The tramlines on the road from Bradford to Halifax where Percy Shaw is said to have been inspired to invent the Catseye
Long Type Roadstud - the standard model originally used for all roads free from unusually heavy traffic
Short Type Roadstud - a modified model specifically designed for roads carrying heavy traffic, such as bulldozers
The making of contemporary Catseyes - this machine applied a reflective coating to the glass lens in order for the lens to reflect.
Percy ShawInventor + Industrial Designer (1890-1976)
Designing Modern Britain - Design Museum
Until 26 November 2006
Said to be inspired by the sight of his car head lamps reflected in the eyes of a cat on a dark, foggy night, PERCY SHAW (1890-1976) invented the Catseye reflective road marker. Manufactured by the company founded by Shaw in his hometown of Halifax, Yorkshire, millions of Catseyes have been installed in roads all over the world.
The romantic version of the story of how the Yorkshire road mender Percy Shaw invented the Catseye is that one foggy night in 1933 he was driving back to his home in the Boothtown area of Halifax from nearby Bradford when he hit a perilous stretch of road with a sheer drop down a hillside to the right of the road.
Drivers like Shaw usually depended on the reflection of their car headlights in tram tracks to guide them along the road, but the tracks had been removed for repair. It was so dark and foggy that Shaw could not see where the road ended and the hillside began, until suddenly he spotted in the darkness the reflections of his car headlamps in the eyes of a cat sitting by the road.
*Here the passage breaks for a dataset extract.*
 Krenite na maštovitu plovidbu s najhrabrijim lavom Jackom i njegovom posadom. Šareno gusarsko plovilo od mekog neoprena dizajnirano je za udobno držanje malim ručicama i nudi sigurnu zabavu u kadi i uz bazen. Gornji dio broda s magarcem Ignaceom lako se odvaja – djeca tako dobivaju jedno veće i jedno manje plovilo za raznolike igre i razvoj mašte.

It is then that he is said to have hit upon the idea for replicating the reflection of a cat’s eyes to guide drivers along dark and dangerous roads.
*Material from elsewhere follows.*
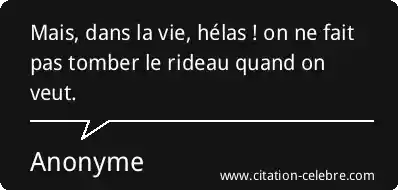 Mais, dans la vie, hélas ! on ne fait pas tomber le rideau quand on veut.
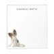 Image of a cute Papillon breed dog in the lower left hand corner set on solid white. Personalize with your name or message in black uppercase minimalist font.

Percy Shaw sometimes told a more pedestrian version of the story in which his inspiration came from spotting reflective road markers beside a road. Whatever the truth, he realised that as more and more Britons were starting to drive in the 1930s they needed reflective road markers to help them to find their way at night. Children all over the world have since been told the romantic version of his invention of the Catseye to teach them that inspiring ideas can strike at any time and that if they are shrewd enough to patent and manufacture their ideas, they can become very wealthy like Percy Shaw.
Born in 1890 in the Lee Mount area of Halifax, Shaw was one of fourteen children. Their father, Jimmy, was a dyer’s labourer who struggled to support his family on a £1 weekly wage from a local textile mill. The family moved to Boothtown when Shaw was two. He and his siblings earned money by selling vegetables from their garden. Shaw left school at 13 and had a series of odd jobs, eventually running a blacksmith’s forge with his father. Even as a child he loved inventing things, notably games. As an adult his inventions ranged from backing carpets with rubber, to an unsuccessful attempt to design a petrol pump. By the early 1930s Shaw had set up a business to repair roads, paths and pavements using a mechanical roller he had made from an old Ford engine and three lorry wheels.
Having hit upon the idea of inventing a reflective road marker, Shaw spent several years developing it. His challenge was to create a device which would be bright enough illuminate the roads for drivers at night, but would work in all weathers and be robust enough to cope with cars and trucks driving on top of it. To make matters even more complicated, as the markers would be installed in thousands of miles of road the need for maintenance had to be minimised.
Shaw’s eventual design consisted of four glass beads placed in two pairs facing in opposite directions, embedded within a flexible rubber moulding which was mounted on a cast iron base. The device was buried in the road and fixed in position with asphalt. When vehicles drove over the dome the rubber contracted and the glass beads dropped safely beneath the road surface. Aiming for minimal maintenance, Shaw even devised a way for his Catseyes to clean themselves. The cast iron base collected rain water and whenever the top of the dome was depressed, the rubber would wash rainwater across the glass beads to clear away any dust or grime that had gathered there, just as the human eye can be cleansed by tears.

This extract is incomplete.